- _TASK DIRECTIONS_: The copy you give must match the listing below exactly and contain no pictures.

- _DATASET RECORDS_:
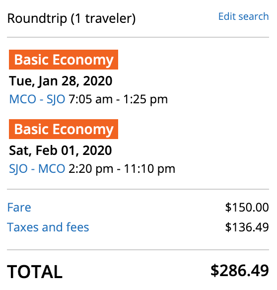 Orlando (MCO) to San Jose (SJO) for $286 round-trip on United:
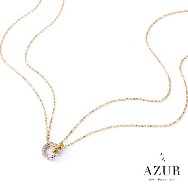 おしゃれでクールな印象を演出する、ダブルリングネックレス。
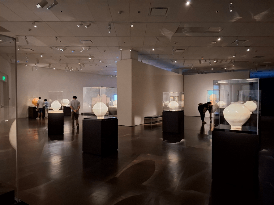 O museu embora seja denominado de arte moderna, tem obras de vários movimentos e diferentes países. Entre as exposições temporárias, por exemplo, chamou atenção uma denominada “Fases Lunares” que é composta de grandes potes brancos que eram usados pela elite coreana nos séculos XVII e XVIII. À primeira vista parecia monótona aquela sala, mas lendo os painéis, sabendo que esses potes eram usados para várias finalidades e que o nome da exposição faz referência ao fato de que, embora aparentemente iguais, os potes, como a lua, nunca são idênticos, porque argilas e queimas diferentes tornam o esmalte dos vasos distintos entre si, relativamente ao formato e aos tons do branco ao que se chama hoje de nude.
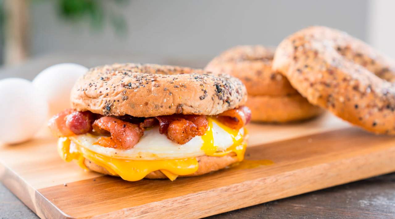 Delicioso bocadillo con pan de masa madre relleno de bacon y queso
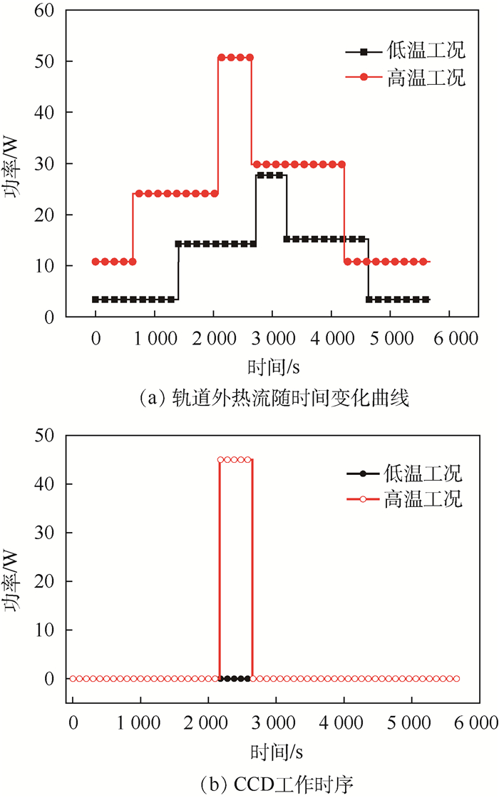 电荷耦合元件(CCD)作为航天光学遥感器的核心部件之一,其工作性能受温度影响很大,传统的热控产品难以满足大功率CCD的精密控温需求。通过仿真与试验系统研究了机械泵驱动两相流体回路(MPTL)用于CCD控温时的启动特性、运行状态、内部工质的流动及传热特性。结果表明:MPTL可以通过干度的调节来吸收冷凝器外热流和CCD工作模式的影响;MPTL的控温精度可以达到±1℃,蒸发器并联支路、蒸发器负载和冷凝器温度在一定范围内变化等均不会对系统运行稳定性产生影响,其仍可将CCD器件控制在所需温度;通过仿真与试验对比,发现仿真模型的误差在±1℃以内,验证了模型的有效性和准确度。MPTL可以很好地满足航天光学遥感器CCD的控温要求,能够保证CCD始终具有较好的温度稳定性和均匀性,且系统具有良好的运行特性和鲁棒性,其在CCD精密控温方面具有很好的应用前景。
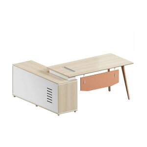 悠々とした広さで独立したエグゼクティブスペースを確立するL字デスク幅1800mmのデスク+サイドテーブルです。サイドテーブルは左右対応。スペースを分けて効率的に作業できます。柔和な役員空間へ導くナチュラルな木目調デザインです。
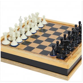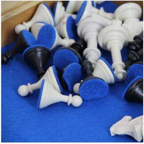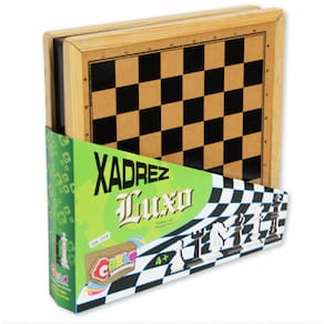 - Estojo/Tabuleiro serigrafado na face externa com tinta atóxica, em quadrantes claros e escuros, com 32 peças para o xadrez (Rei 10cm de altura). Estojo/tabuleiro aberto: 43 x 43 x 8cm.

- _TASK RESULT_:
 Orlando (MCO) to San Jose (SJO) for $286 round-trip on United:
 おしゃれでクールな印象を演出する、ダブルリングネックレス。
 O museu embora seja denominado de arte moderna, tem obras de vários movimentos e diferentes países. Entre as exposições temporárias, por exemplo, chamou atenção uma denominada “Fases Lunares” que é composta de grandes potes brancos que eram usados pela elite coreana nos séculos XVII e XVIII. À primeira vista parecia monótona aquela sala, mas lendo os painéis, sabendo que esses potes eram usados para várias finalidades e que o nome da exposição faz referência ao fato de que, embora aparentemente iguais, os potes, como a lua, nunca são idênticos, porque argilas e queimas diferentes tornam o esmalte dos vasos distintos entre si, relativamente ao formato e aos tons do branco ao que se chama hoje de nude.
 Delicioso bocadillo con pan de masa madre relleno de bacon y queso
 电荷耦合元件(CCD)作为航天光学遥感器的核心部件之一,其工作性能受温度影响很大,传统的热控产品难以满足大功率CCD的精密控温需求。通过仿真与试验系统研究了机械泵驱动两相流体回路(MPTL)用于CCD控温时的启动特性、运行状态、内部工质的流动及传热特性。结果表明:MPTL可以通过干度的调节来吸收冷凝器外热流和CCD工作模式的影响;MPTL的控温精度可以达到±1℃,蒸发器并联支路、蒸发器负载和冷凝器温度在一定范围内变化等均不会对系统运行稳定性产生影响,其仍可将CCD器件控制在所需温度;通过仿真与试验对比,发现仿真模型的误差在±1℃以内,验证了模型的有效性和准确度。MPTL可以很好地满足航天光学遥感器CCD的控温要求,能够保证CCD始终具有较好的温度稳定性和均匀性,且系统具有良好的运行特性和鲁棒性,其在CCD精密控温方面具有很好的应用前景。
 悠々とした広さで独立したエグゼクティブスペースを確立するL字デスク幅1800mmのデスク+サイドテーブルです。サイドテーブルは左右対応。スペースを分けて効率的に作業できます。柔和な役員空間へ導くナチュラルな木目調デザインです。
 - Estojo/Tabuleiro serigrafado na face externa com tinta atóxica, em quadrantes claros e escuros, com 32 peças para o xadrez (Rei 10cm de altura). Estojo/tabuleiro aberto: 43 x 43 x 8cm.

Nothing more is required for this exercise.